Reputation: 690
Background
Puppet Newbie, trying to maintain some old puppet version on a box. The aim is to unload an old program using it's old plist file and start new one.
Problem
I have following code in .pp file
$old_launch_agent_path = "${home}/Library/LaunchAgents/com.company.program.plist"
exec {
'stop-old-program':
command => "/bin/launchctl unload ${old_launch_agent_path}",
refreshonly => true,
subscribe => [ File[$old_launch_agent_path] ];
}
Puppet rejects this with:
Error: Could not find dependency File[/Users/executer/Library/LaunchAgents/com.company.program.plist] for Exec[stop-old-program] at /private/tmp/mobile-puppet-manifests/puppet-manifests-test/modules/program/manifests/init.pp:51
The changes are on a git branch and are being applied sudo puppet-apply -d -f -b mac-upgrade
ls -l /Users/executer/Library/LaunchAgents/com.company.program.plist`
-rw-r--r-- 1 executer staff 999 May 19 14:36 /Users/executer/Library/LaunchAgents/com.company.program.plist
Upvotes: 1
Views: 425
Reputation: 181008
I infer that you have specified the subscribe
attribute of Exec with the idea that it will cause the Exec
to run in the event that the designated file has changed (since the last puppet apply
, I guess). That exhibits a relatively common misunderstanding of Puppet's signaling model.

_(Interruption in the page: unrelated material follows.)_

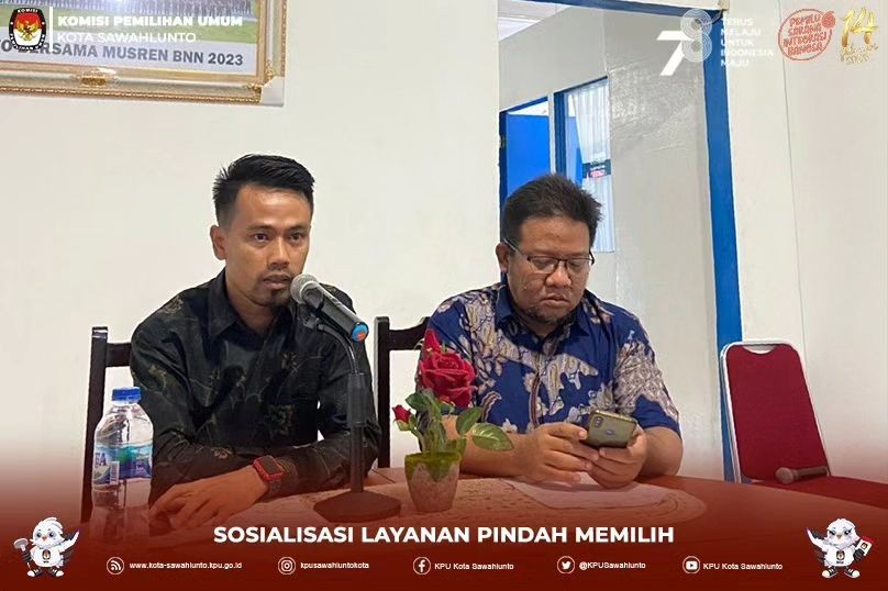 KPU Kota Sawahlunto mendatangi Badan Narkotika Nasional Kota Sawahlunto, Rumah Sakit Umum Daerah Kota Sawahlunto dan Badan Pertanahan Nasional Kota Sawahlunto guna menyampaikan sosialisasi Pemilu tahun 2024 kepada masyarakat bahwa akan memilih 5 surat suara yang terdiri dari Pemilihan Presiden dan Wakil Presiden, Anggota DPD, DPR, DPRD Provinsi dan DPRD Kabupaten/Kota. Untuk itu kepada pemilih yang sudah terdaftar dalam Daftar Pemilih Tetap (DPT) namun tidak dapat menggunakan haknya untuk memilih di TPS tempat bersangkutan terdaftar maka bisa menggunakan layanan pindah memilih yang sudah bisa diurus dari sekarang sampai dengan H-30 (15 Januari 2024) dengan 9 kriteria dan H-30 sampai dengan H-7 (7 Februari 2024) dengan 4 kriteria.

Puppet does not track what files or other resources looked like on or after previous runs. It knows at most what they looked like at some point during the current run, whether that is what they are supposed to look like, and whether they have (yet) been updated during the current run.
The subscribe
metaparameter does two things:
The same thing that require
does: ensure that the designated resource(s) are checked, and synced if necessary (and refreshed, if applicable) before the resource on which the metaparameter appears is checked, synced, or refreshed.

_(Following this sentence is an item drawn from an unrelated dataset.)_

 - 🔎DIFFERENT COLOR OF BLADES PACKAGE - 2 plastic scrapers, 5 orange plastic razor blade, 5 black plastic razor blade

In the event that the designated resource was initially out of sync and Puppet successfully synced it, the resource on which the metaparameter appears is refreshed.
The latter is what the Puppet docs mean when they talk about one resource being "changed" causing another to be refreshed. They are referring to the resource being changed by Puppet, to bring it into sync. Thus, it makes no sense to try to subscribe to a resource that is not under Puppet management. Such a resource can never be changed by Puppet, at least not such that Puppet would recognize that anything had happened.
On a more technical level, the syntactic structure File[$old_launch_agent_path]
with which you are expressing your subscription is an example of a "resource reference". These refer to resources declared elsewhere in the same catalog, and they are invalid if no such resource in fact is declared. Whether a corresponding physical resource exists on the target system does not factor in.
Upvotes: 0
Reputation: 121
Couple of things to add to your mental model in Puppet which will help you think about this. The Puppet catalog is a DAG, directed acyclic graph. Each resource you define such as file, package, service, etc is a node in that DAG. Metaparamters like before, notify, subscribe, etc set the relationships between the nodes in the graph.
What your error means is that Puppet can't find the resource File['your file'] in the catalog in order to add the relationships you've defined. The usual reason is that you have not defined it. Or misspelled it, that's my favorite mistake. Looking at your code you've merely assigned a variable and then referenced it as a resource.